Facing a legal challenge, Robert Jenrick reversed his decision not to intervene in the dispute, having previously said it was a local matter. In his decision, he cited new climate change advice and rising controversy over the plans, following vocal criticism from government scientific advisers and leading scientists.

The case has a recent precedent: a similar call-in decision was made in 2019 by Jenrick’s predecessor, James Brokenshire, over plans for an opencast mine at Druridge Bay in Northumberland. Jenrick finally rejected the scheme last autumn, 18 months after Brokenshire’s decision.

Cumbria county council will sit alongside the firm bringing the application, West Cumbria Mining, and local campaign group South Lakeland Against Climate Change as the main bodies submitting evidence to the public inquiry.

Although “landscape considerations” took precedence over climate concerns in the Druridge Bay inquiry, campaigners say they are hopeful that the government’s climate commitments will be central to the Cumbria inquiry. The Committee on Climate Change, the government’s statutory advisers, urged a 78% cut in the UK’s carbon emissions by 2035 in order to meet the government’s legally binding target of net-zero emissions by 2050.

Supporters of the mine argue that extracting coking coal in west Cumbria will reduce domestic industry’s reliance on imported coal, thus cutting carbon emissions that they say the UK “outsources” to other countries at present.

But campaigners say the 2.7m tonnes of coking coal that would be extracted each year from beneath the Irish Sea will greatly exceed the projected domestic demand for the resource, with just 360,000 tonnes – about 15% of the total – expected to be supplied to UK-based firms.

In a letter to the county council announcing the decision, the Department of Communities, Housing and Local Government advised that Jenrick “particularly wishes to be informed about” how the mining plans would square with the government’s climate change commitments, along with policy on the sustainable use of minerals and sustainable development in the area.

Jenrick will be entitled not to follow the planning inspector’s recommendation once it is made. However, campaigners say he may leave himself open to legal challenge if he is considered to have ignored the inspector’s findings.

The inquiry is set to take place in early summer and is expected to last about two weeks. Its conclusions, and a subsequent government decision, may not be forthcoming until next year.

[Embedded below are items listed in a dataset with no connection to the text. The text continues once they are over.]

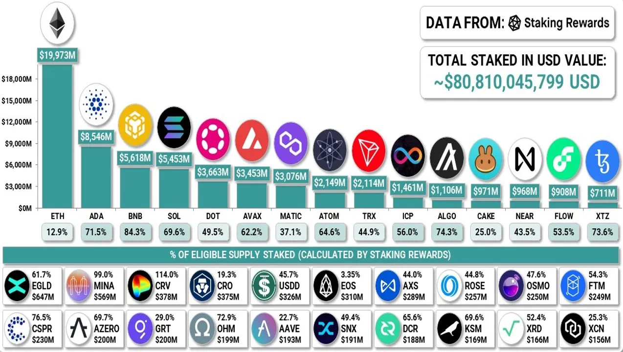 Due to the market, the staking market capitalization of most blockchains has declined. Ethereum retains a leading position, while Solana, which was previously ranked 2nd, is now surpassed by Cardano and BNBChain.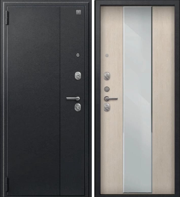 Надежная входная Дверь A-04 черный сатин - седой дуб зеркало премиум класса по цене 33 907 руб. Большая толщина стали защитит от проникновения в ваш дом, квартиру или коттедж. Используется очень качественная фурнитура: замки, цилиндры, ручки, защелки. Покрытие и отделка двери изготовлено под внимательным контролем производителя. Дверь имеет долгий срок службы и гарантию.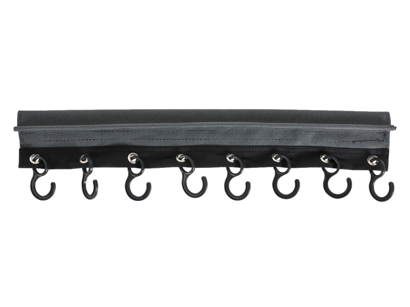 Deze kapstok hang je zó op aan je voortent, luifel of caravanrail – zonder gereedschap. De pees schuif je makkelijk in de caravanrail, het klittenband wikkel je om een nokstok tot 40 mm. Acht stevige haken geven plek aan handdoeken, jassen of keukenspullen. Alles binnen handbereik, niks op de grond. Lengte: 58 cm. Zo blijft je kampeerplek netjes en overzichtelijk.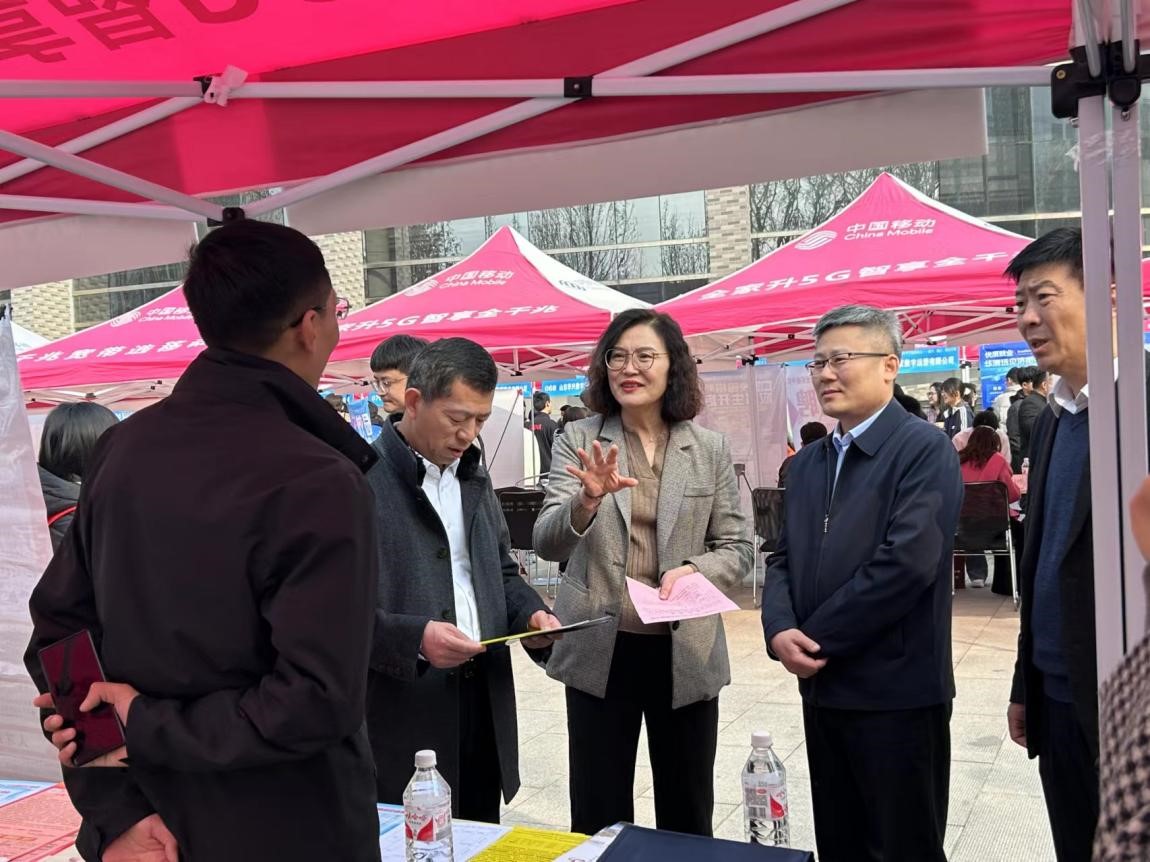 招聘会现场,校党委常委、副校长纪洪涛、学工处处长姜美颖等领导亲临现场指导。正妹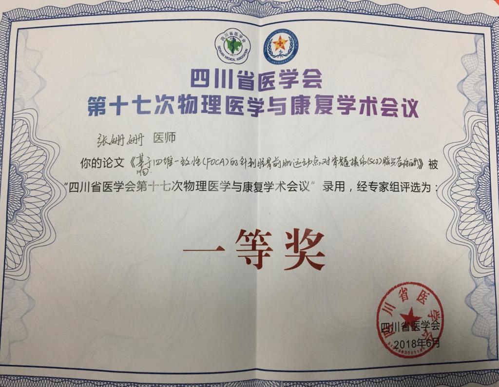 本次学术交流会议由四川省医学会主办,四川省医学会物理医学与康复专业委员会、凉山州中西医结合医院承办。此次学术论文交流,经过紧张激烈的专家评审和现场汇报、壁报交流,在收录的210篇学术论文中,我系张姗姗老师选送的“基于四维一致性(FOCA)的针刺胫骨前肌运动点对脊髓损伤(SCI)脑兴奋性的影响”在本次学术大会论文交流中获得一等奖。黄彬洋老师选送的“高职院校康复专业‘基于OT+’模块化的教育模式初探”在论文壁报交流中获得优秀奖。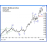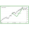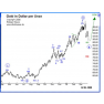 Diese Formation entsteht häufig als erste Welle in einem starken Aufwärtstrend. Der Rücklauf liegt gewöhnlich bei 61,8% = 610 Dollar. Die stark steigenden Kurse in den letzten Monaten weisen daraufhin, dass die Welle bereits bei 640 Dollar beendet wurde und nur einen Rücklauf von 40 Prozent erreicht hat. Dieser kurze Rücklauf in der zweiten Welle [...]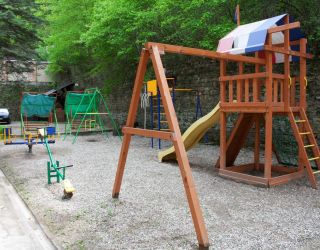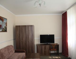 Двухэтажное здание пансионата расположилось в тихом квартале города. Небольшой жилой фонд, рассчитанный на единовременное размещение 38 человек, предлагает отдыхающим одно-, двух- и трехкомнатные номера. В каждом номере имеется санузел с душем, бытовая техника — телевизор, электрочайник, холодильник и удобная мебель. Ряд номеров оборудован балконами.

Environmental campaigners hope the decision’s proximity to the Cop26 UN climate summit, which the UK is hosting in November, may sway the government’s decision, with intensive lobbying expected from both camps.

Anne Harris, of Coal Action Network, said Jenrick’s failure to take a clear climate stance in the Druridge Bay case has led to complications in approaching the Cumbrian scheme.

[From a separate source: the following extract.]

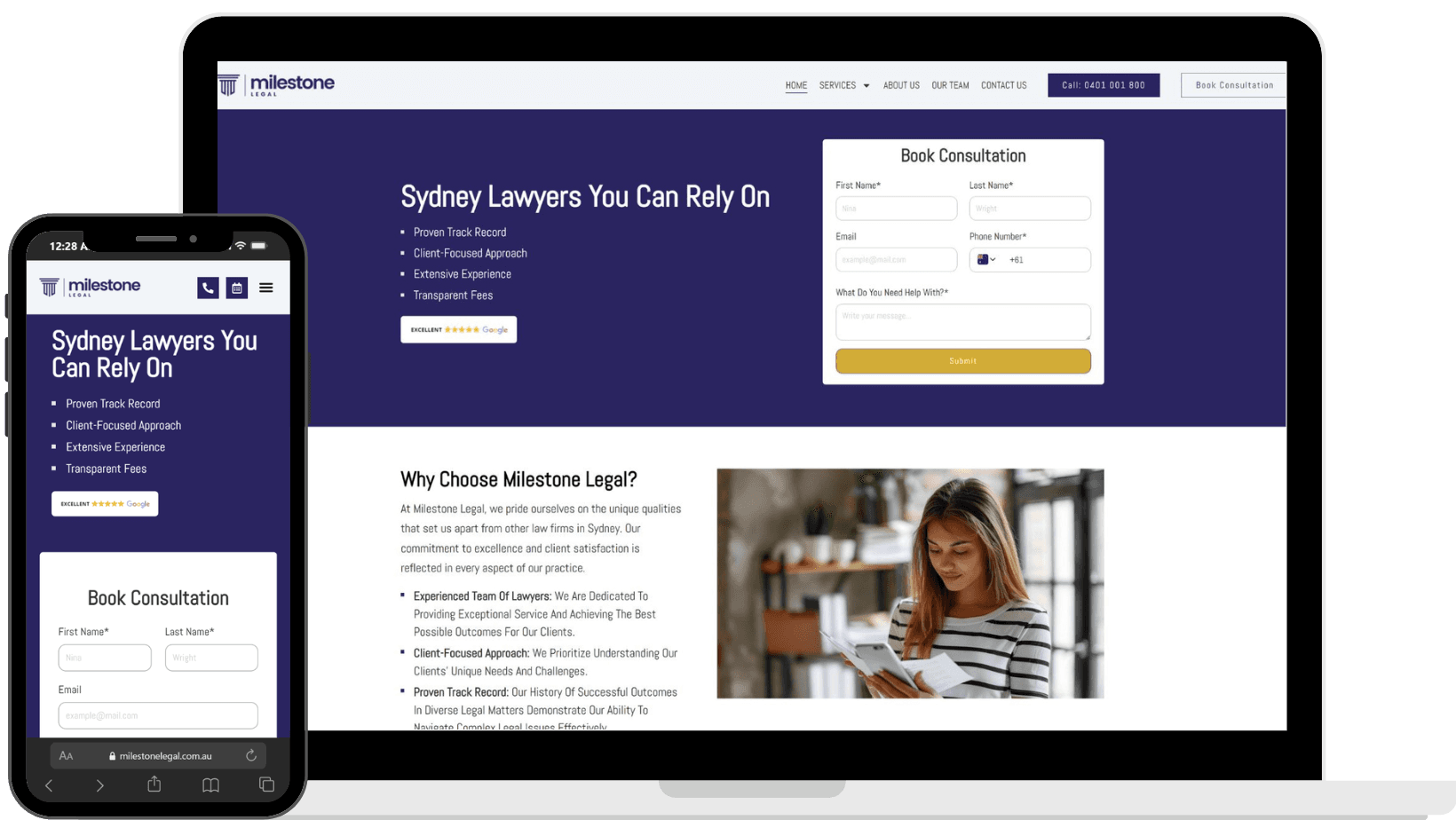 Our difference is execution and evidence: we combine SEO with a conversion‑focused website redesign and legal‑grade content, then execute without bottlenecks. Progress is shown with dated rankings and enquiry counts you can verify
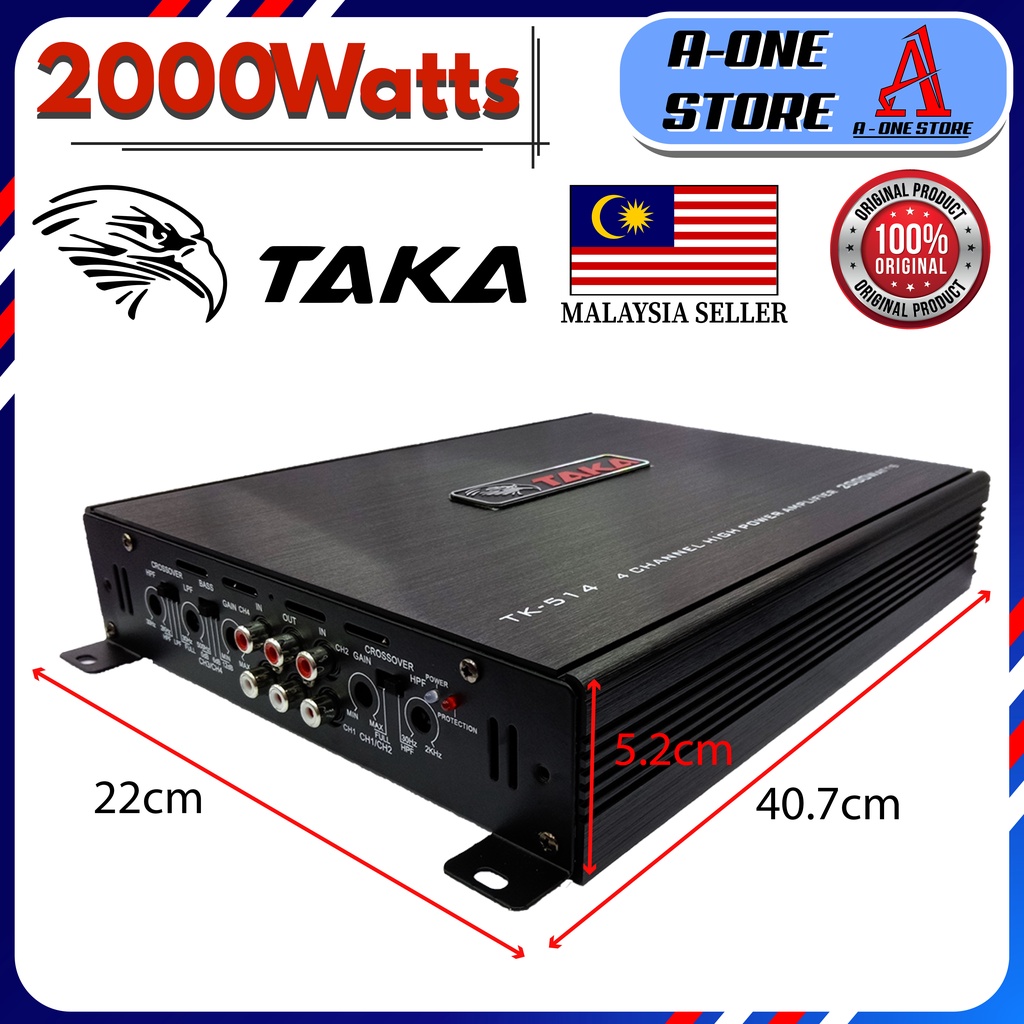 High Power Car Amplifier 2000Watts 4 - Channel TAKA Car Power Amp TK-514 Suitable for car speaker and woofer

“In the Druridge decision, following a public inquiry in 2017, the secretary of state dodged the question of whether extracting more coal leads to more coal being consumed, and thus greater amounts of greenhouse gases being released,” she said.

“This time he cannot avoid taking a position on this issue. The future of our planet depends on politicians and companies acting to dramatically limit the release of gases which cause climate change.

“If Jenrick had been strong in taking a stance against the Druridge application on climate change grounds, it is possible that this application in Cumbria would never have been approved.”

Meanwhile, the former government climate change representative, John Ashton, said the wording of Jenrick’s call-in letter this week was “a disgrace: a farrago of false trails, obfuscation, and low-grade thinking and drafting … In any case, this welcome decision is about crude climate politics and nothing else.”

Pressure on the UK on the global stage may also have affected the decision, he said, with many taking the view that the UK should be setting a good example internationally as hosts of the crucial Cop26 climate conference.

“I imagine they will be telling … northern Tories to bide their time and press their case after [Cop26 in] Glasgow. I suspect that [US climate envoy] John Kerry on his visit the other day told Johnson to start getting his act together.”